[SOURCE MATERIAL]

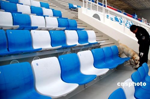 警察帶警犬檢查北京奧運(yùn)場(chǎng)館“水立方”座椅設(shè)施。
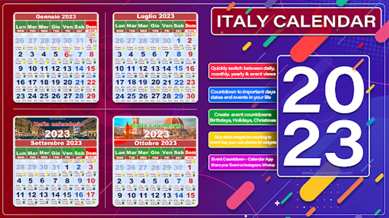 * In this Italia Calendario 2023 have all the festivals around for year Calendar 2023. These festivals can show in Countdown mode as well.
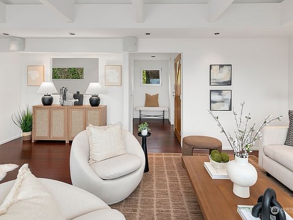Perched above Beach Drive, this stunning home offers unobstructed views of Puget Sound and Olympic Mountains from every room! Light filled living area features vaulted ceilings, in-wall surround sound speakers, cozy gas fireplace which flows into gourmet kitchen and dining room with ample storage and beverage center. Primary suite on main is a true retreat, complete with en-suite bath and walk-in closet. Step outside to spacious west-facing deck, ideal for enjoying sunsets. The home also includes a MIL suite complete with kitchen, bath, and private deck - perfect for extended guest stays. Large family room for additional living space on lower level. Set on .34 acres of beautifully landscaped grounds, only 15 mins to Downtown Seattle!
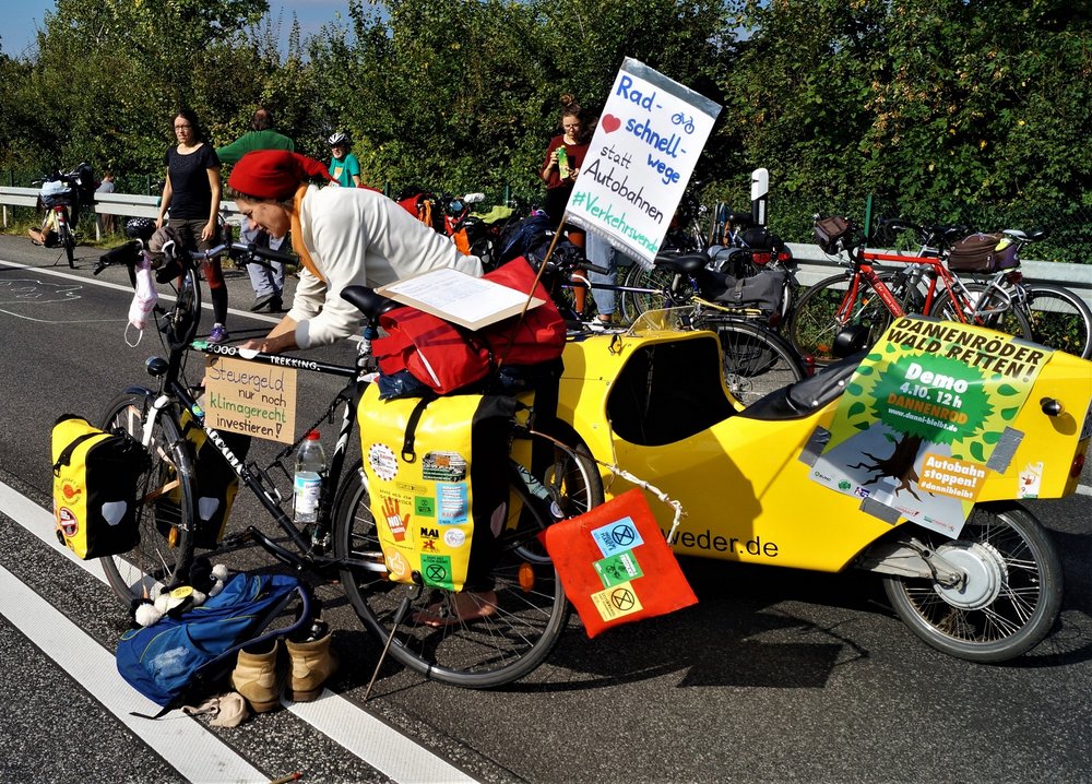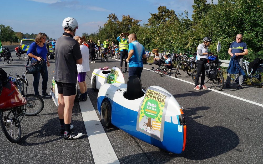 Die Proteste gegen den Weiterbau der A49 gehen weiter: Ausbaugegner legten die A49 in Richtung Süden mit einer Fahrraddemo lahm. Mehr als 400 Radler sind am Samstag auf einer genehmigten Route über die A49 gefahren.
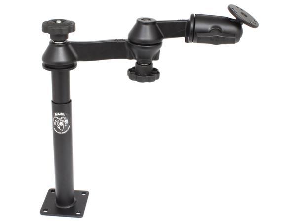 The RAM-VP-SW1-89 consists of a 9" lower female Tele-Pole™, 8" upper male Tele-Pole™, double swing arm and 2.5" round base that contains the universal AMPs hole pattern. The lower female Tele-Pole™ will attach to all RAM vehicles bases that do not contain a welded female Tele-Pole™. The height of the Tele-Poles™, combined, can easily be adjusted by turning the knob at the top of the post. Once the knob has been tightened, the Tele-Pole™ becomes a rigid support for connecting devices or cradles. The double swing arm allows you to twist and tilt the viewing angle of your connected electronic device, when mounted on your RAM Vehicle Mount. The rotating swivel arm gives you even more viewing positions for your mounted electronic device while holding everything firmly in place. The length of the double swing arm is 12".
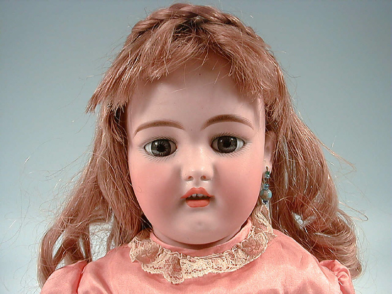 tête en biscuit marquée en creux " S & H.1079.DEP Germany " T.8, yeux fixes gris, bouche ouverte sur une rangée de dents, oreilles percées, corps en composition articulé marqué au tampon bleu " Paris Bébé Déposé ", perruque blonde, cheveux naturels, robe en soie rose à volants de tulle brodé, chaussures noires et chaussettes blanches. H : 49 cm

[/SOURCE MATERIAL]

WHAT IS NEEDED - The records are to be retyped in full and exactly, with no image carried over.

SOLUTION -
 警察帶警犬檢查北京奧運(yùn)場(chǎng)館“水立方”座椅設(shè)施。
 * In this Italia Calendario 2023 have all the festivals around for year Calendar 2023. These festivals can show in Countdown mode as well.
Perched above Beach Drive, this stunning home offers unobstructed views of Puget Sound and Olympic Mountains from every room! Light filled living area features vaulted ceilings, in-wall surround sound speakers, cozy gas fireplace which flows into gourmet kitchen and dining room with ample storage and beverage center. Primary suite on main is a true retreat, complete with en-suite bath and walk-in closet. Step outside to spacious west-facing deck, ideal for enjoying sunsets. The home also includes a MIL suite complete with kitchen, bath, and private deck - perfect for extended guest stays. Large family room for additional living space on lower level. Set on .34 acres of beautifully landscaped grounds, only 15 mins to Downtown Seattle!
 Die Proteste gegen den Weiterbau der A49 gehen weiter: Ausbaugegner legten die A49 in Richtung Süden mit einer Fahrraddemo lahm. Mehr als 400 Radler sind am Samstag auf einer genehmigten Route über die A49 gefahren.
 The RAM-VP-SW1-89 consists of a 9" lower female Tele-Pole™, 8" upper male Tele-Pole™, double swing arm and 2.5" round base that contains the universal AMPs hole pattern. The lower female Tele-Pole™ will attach to all RAM vehicles bases that do not contain a welded female Tele-Pole™. The height of the Tele-Poles™, combined, can easily be adjusted by turning the knob at the top of the post. Once the knob has been tightened, the Tele-Pole™ becomes a rigid support for connecting devices or cradles. The double swing arm allows you to twist and tilt the viewing angle of your connected electronic device, when mounted on your RAM Vehicle Mount. The rotating swivel arm gives you even more viewing positions for your mounted electronic device while holding everything firmly in place. The length of the double swing arm is 12".
 tête en biscuit marquée en creux " S & H.1079.DEP Germany " T.8, yeux fixes gris, bouche ouverte sur une rangée de dents, oreilles percées, corps en composition articulé marqué au tampon bleu " Paris Bébé Déposé ", perruque blonde, cheveux naturels, robe en soie rose à volants de tulle brodé, chaussures noires et chaussettes blanches. H : 49 cm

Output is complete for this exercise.